▶ [Exercise requirements]: Copy down every line of the data that follows exactly. Omit the pictures.

▶ [Data segment]:

Segment Open

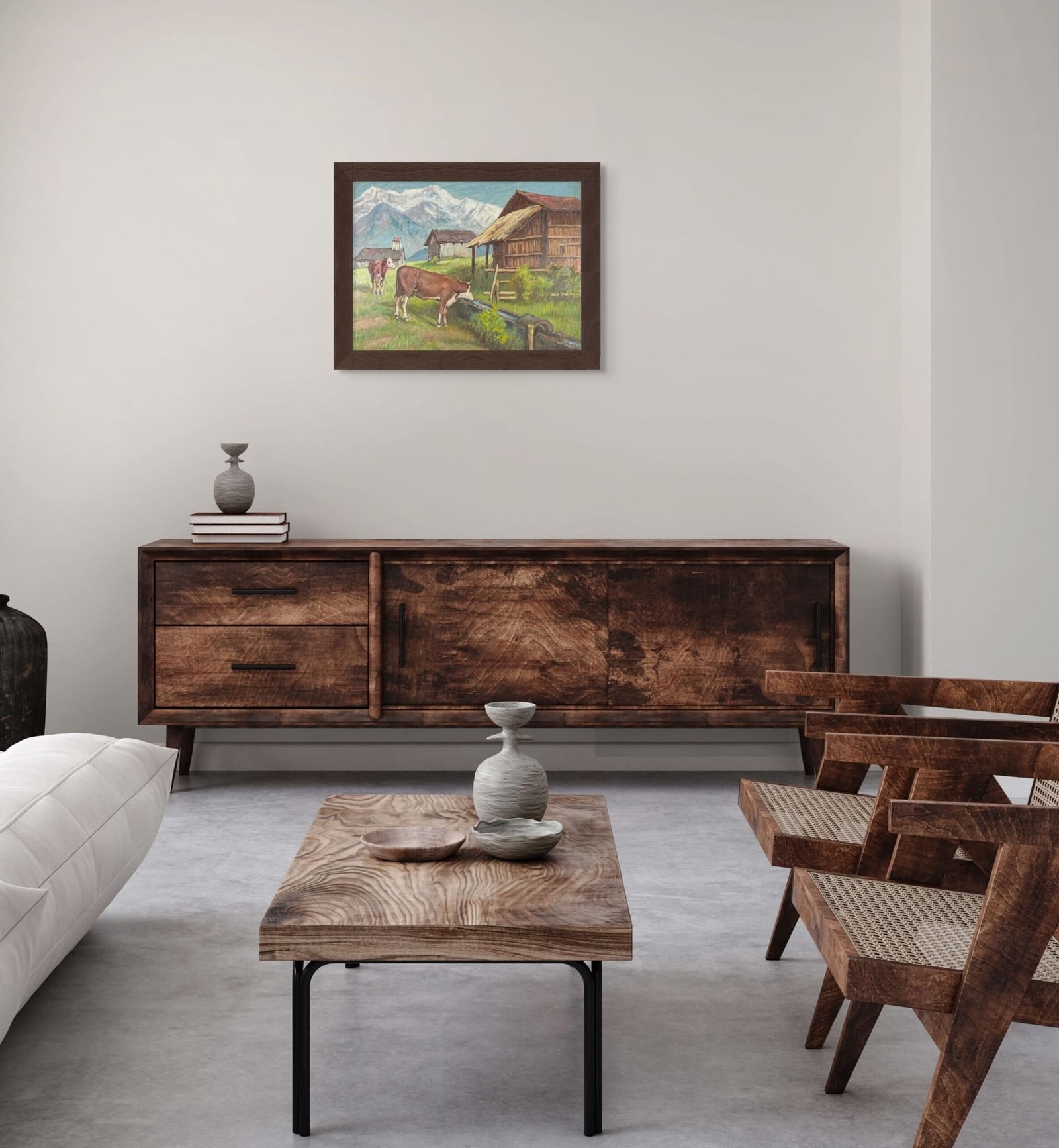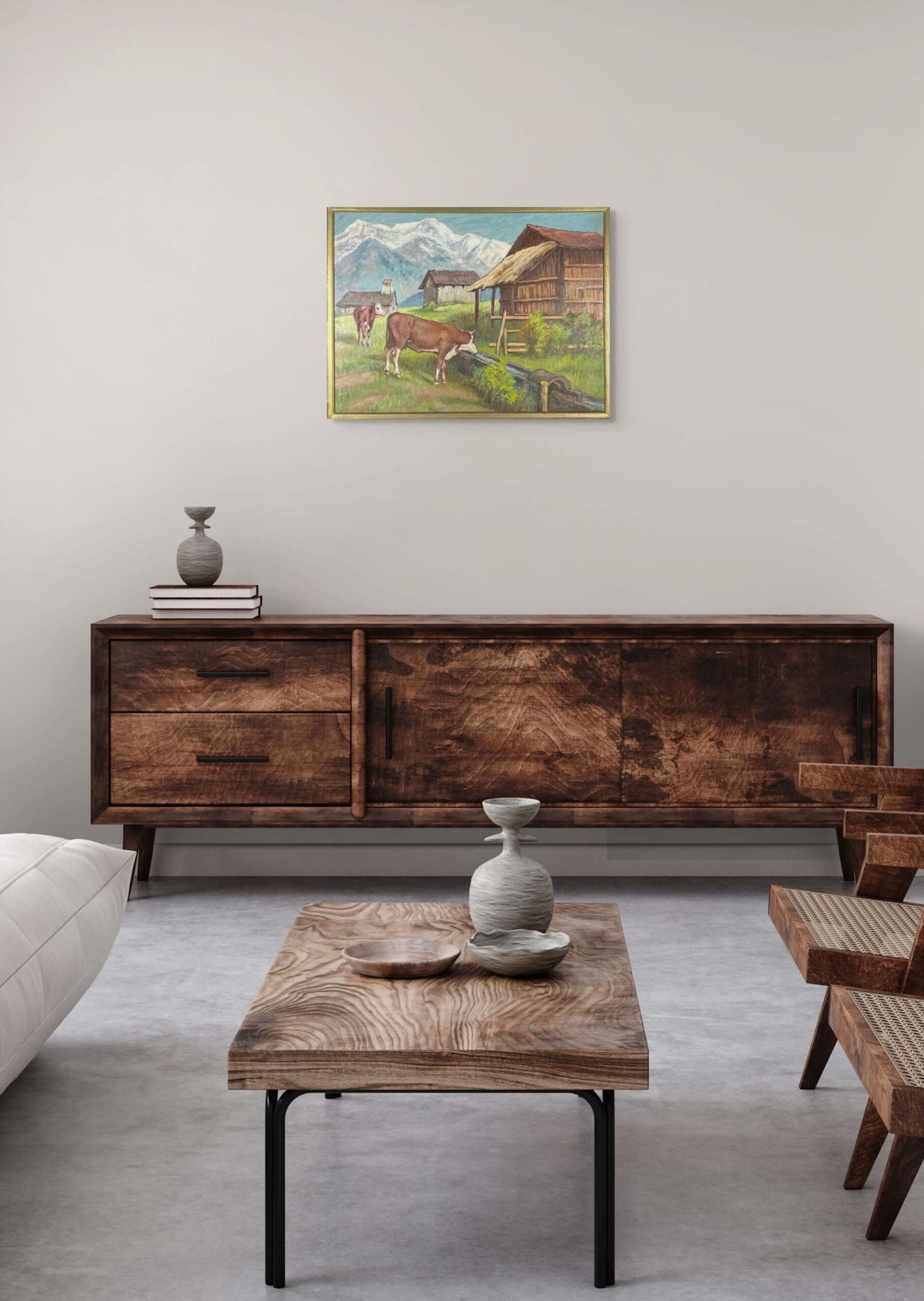 La palette oppose les bruns chauds des bâtisses et des animaux aux verts des pâturages et aux blancs éclatants des sommets.
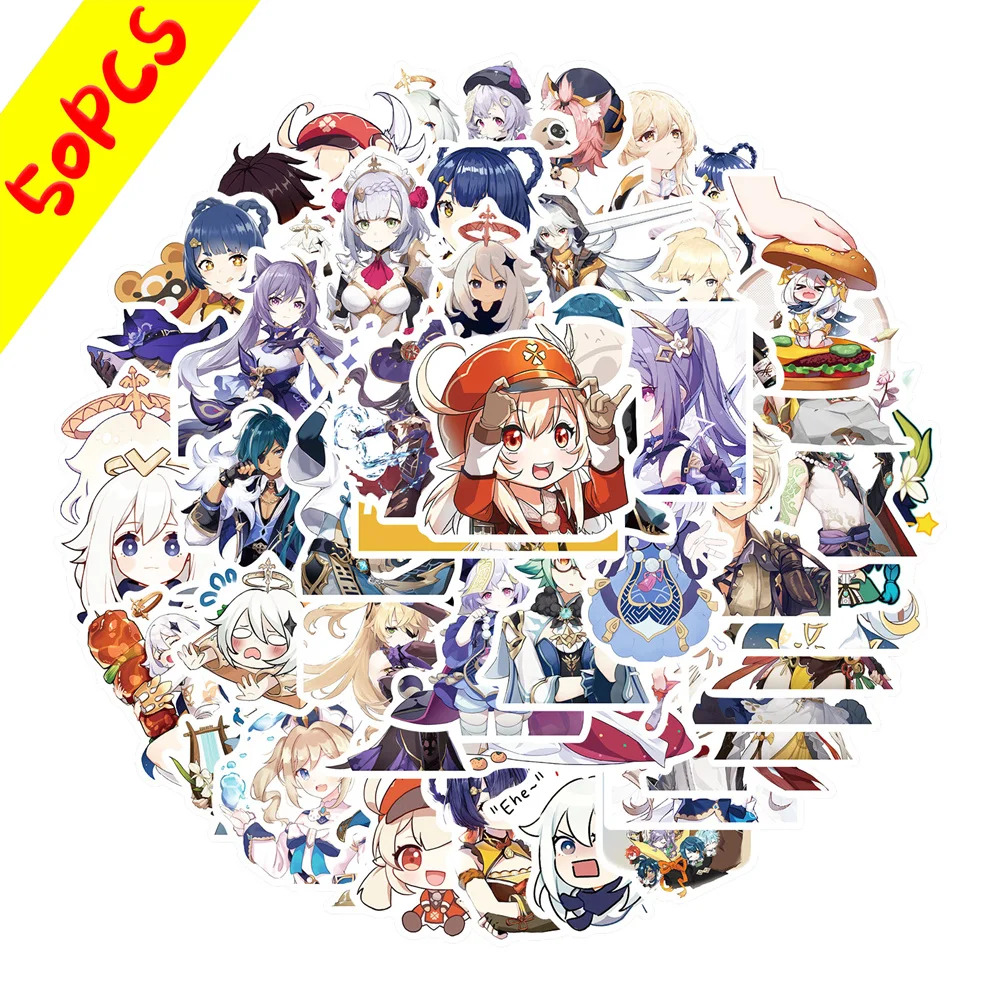 Наклейки с героями аниме Genshin, водонепроницаемые, для детей, для ноутбука, скейтборда, мобильный телефон, 103050 шт.
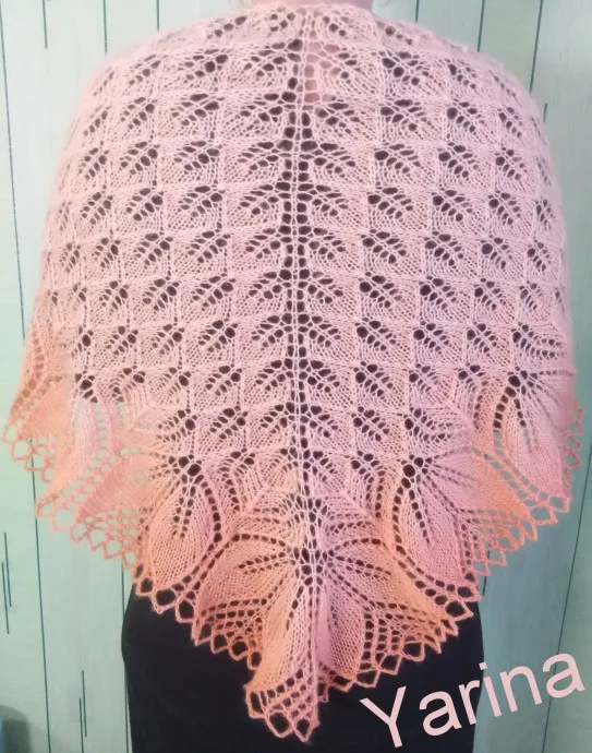 Прелестная работа. Ирина, а можно детали: сколько пряжи ушло, размер спиц и размер шали? Благодарю…

Segment Closed

▶ [Result]:
 La palette oppose les bruns chauds des bâtisses et des animaux aux verts des pâturages et aux blancs éclatants des sommets.
 Наклейки с героями аниме Genshin, водонепроницаемые, для детей, для ноутбука, скейтборда, мобильный телефон, 103050 шт.
 Прелестная работа. Ирина, а можно детали: сколько пряжи ушло, размер спиц и размер шали? Благодарю…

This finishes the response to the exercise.